Au Sénégal, Macky Sall caresse les lutteurs dans le sens du poil
Le chef de l’État sénégalais a annoncé une série de mesures en faveur de la lutte traditionnelle. Compassion envers un secteur en difficulté ou calcul électoraliste ?
© Damien Glez
Alors que la crise politique couve et que plusieurs observateurs s’inquiètent pour le modèle démocratique sénégalais, le président de la République soigne l’un des symboles du modèle sociétal du pays de la Teranga.
Au secteur, ô combien stratégique, de la lutte traditionnelle, Macky Sall promet un accompagnement « pour une ou deux années avant de trouver un système de financement dans la durée ». Un terme qui dépasse la prochaine élection présidentielle, donc. Évocation de la continuité naturelle de l’État ou expression d’un souhait de rester aux commandes pour Macky Sall qui, officiellement, n’est pas candidat à sa succession ?
Mutuelle
Ce lundi 8 mai, le chef de l’État a reçu quelque 600 acteurs de la lutte sénégalaise au palais de la République.
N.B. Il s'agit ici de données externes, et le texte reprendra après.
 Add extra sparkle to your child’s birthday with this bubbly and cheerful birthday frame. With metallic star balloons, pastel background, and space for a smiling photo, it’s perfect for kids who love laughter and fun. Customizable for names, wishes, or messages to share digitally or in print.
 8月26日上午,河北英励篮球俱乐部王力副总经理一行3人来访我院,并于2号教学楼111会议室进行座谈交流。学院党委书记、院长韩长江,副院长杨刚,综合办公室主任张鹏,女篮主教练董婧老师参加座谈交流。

Parmi les annonces qui ont accompagné cette réception très médiatisée, la prochaine mise en place d’un fonds de garantie de 500 millions de francs CFA financé via le Fonds de garantie des investissements prioritaires (Fongip), à l’intention des promoteurs, en attendant d’élaborer un système de subvention pérenne.
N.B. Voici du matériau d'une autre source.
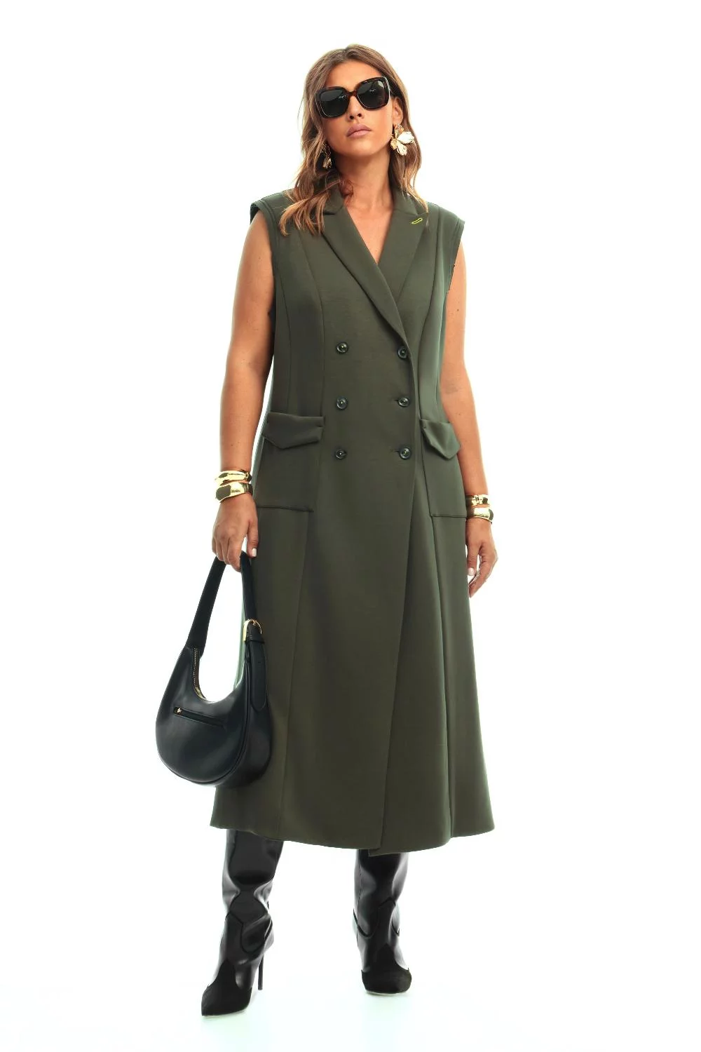 Двубортный макси-жилет прямого силуэта с подкладкой и пуговицами выполнен из плотного трикотажа. Воротник английский с лацканами, что придает модели элегантный и сдержанный вид. Рельефы на спинке и спереди, а также центральный шов подчеркивают структуру изделия. Спереди расположены вертикальные вытачки и накладные карманы, добавляющие функциональности и стиля. Выраженная линия плеча с необработанным краем придает образу современный и слегка дерзкий оттенок, а пуговицы служат застежкой. По бокам находятся разрезы для удобства.

Macky Sall a également encouragé les entreprises, publiques et privées, à soutenir les 152 écoles et écuries qui forment 10 000 jeunes lutteurs, et promis la rédaction de textes législatifs de nature à optimiser la gestion de l’Arène nationale, ou encore la mise en place d’une mutuelle de santé spécifique pour les lutteurs et autres acteurs du secteur.
Demi-dieux précaires
À la liste des mesures promises, le chef de l’État sénégalais a ajouté un accès facilité au « programme des 100 000 logements » déjà lancé par le gouvernement, ainsi que l’allocation aux lutteurs et à leurs familles de 300 emplois dans le cadre du Programme d’urgence pour l’emploi et l’insertion socioéconomique des jeunes (Xëyu ndaw ñi), lancé en 2021. Enfin, Macky Sall a invité le secteur à tenir au plus vite une assemblée générale pour faire le point sur tous ces domaines d’intervention.
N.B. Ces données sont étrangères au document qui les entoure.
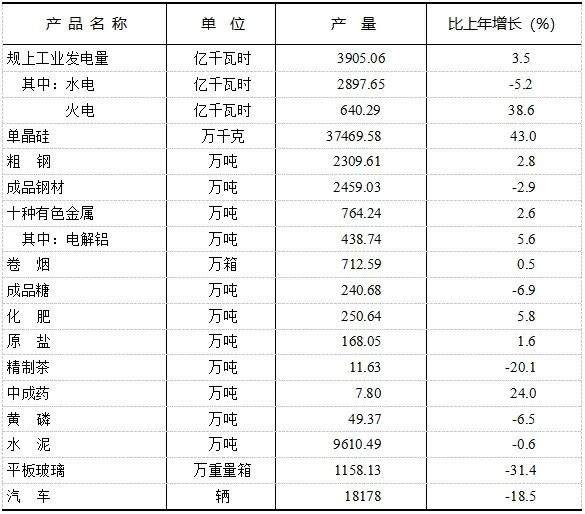 全年规模以上工业十种有色金属产量764.24万吨,比上年增长2.6%。其中电解铝产量438.74万吨,增长5.6%。单晶硅产量37469.58万千克,增长43.0%。化肥产量250.64万吨,增长5.8%。原盐产量168.05万吨,增长1.6%。卷烟产量712.59万箱,增长0.5%。

Considérés comme des demi-dieux, les rois des arènes remplissent des stades, mais n’échappent pas toujours à une certaine précarité, notamment lorsqu’ils raccrochent. Pour certains, la voie de sortie est politique : rejoindre l’escouade de sécurité d’un ministre, chef de parti présidentiel ou opposant. Pour les hommes et femmes politiques, il vaut donc mieux avoir les « gros bras » avec soi que contre soi. Il y a deux ans, le garde des Sceaux de l’époque, Malick Sall, avait accusé des lutteurs d’avoir participé au mouvement de contestation né dans le sillage de l’arrestation d’Ousmane Sonko. Il avait alors essuyé une volée de bois vert.